While Trump praised the tariffs of the late nineteenth century of the Republican president William McKinleyThe party, since the 1950s, has been the side that supported free trade on protectionist impulses, says Henderson. That could explain why conservative economic orthodoxy is so firmly against the team rate.
But when Henderson spoke with an event of the chapter of the Libertarian Party in California last week, he says that many of Trump’s supporters in the crowd seemed to be skeptical about his points about trade. Trump’s “personality cult” has put the attitudes of his fans in alignment with his, and much of the base of Republican voters along with her.
A Ipsos survey For Reuters made after the opening of January 20, Trump showed that a clear majority of Americans remain opposite to tariffs on Canadian goods, including 88 percent of the Democrats and 66 percent of the independents, but Only 37 percent of Republicans do not agree with tariffs on the northern border.
One could see that in two ways: on the one hand, most of his party still wants me to advance and throw a possible commercial war.
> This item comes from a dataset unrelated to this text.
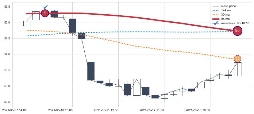 ⚃ 2021-07-28 13:00:00小时开盘价格在三条均线下收大阳线,收盘全突破均线,收盘股价上涨0.40%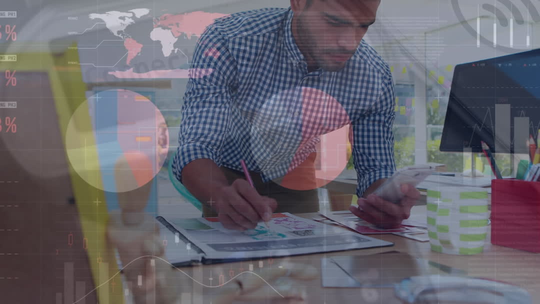 Young professional in office hunched over desk studying financial documents and graphs on tablet while using smartphone. Background shows overlay of global charts and data analytics, symbolizing world finance and technology connection. Perfect for illustrating finance, technological growth, and business strategy concepts.

On the other hand, about two fifths of his own group believes that he is on the wrong way.
In Leger’s survey, even most respondents who were members of the Trump party say that tariffs will increase the price of goods and services in their country.
And that is before they are instead, and all the warnings of economists and traditional oil and politicians potentially come to pass and hit the American wallets.
“Regardless of what people think, if they see that the price of gasoline rises 15 to 20 cents per gallon, they could ask themselves,” says Henderson.
The current24:40This US economist is pressing the rates in Canada
The economist Oren Cass has been pressing for a new economic strategy in Washington, and supports the radical tariffs that could be imposed on Canada this weekend. He says that these rates will hurt in the short term, but believes that they are ultimately necessary to return manufacturing jobs to the United States, and rebuild the commercial relationship of the United States with the rest of the world.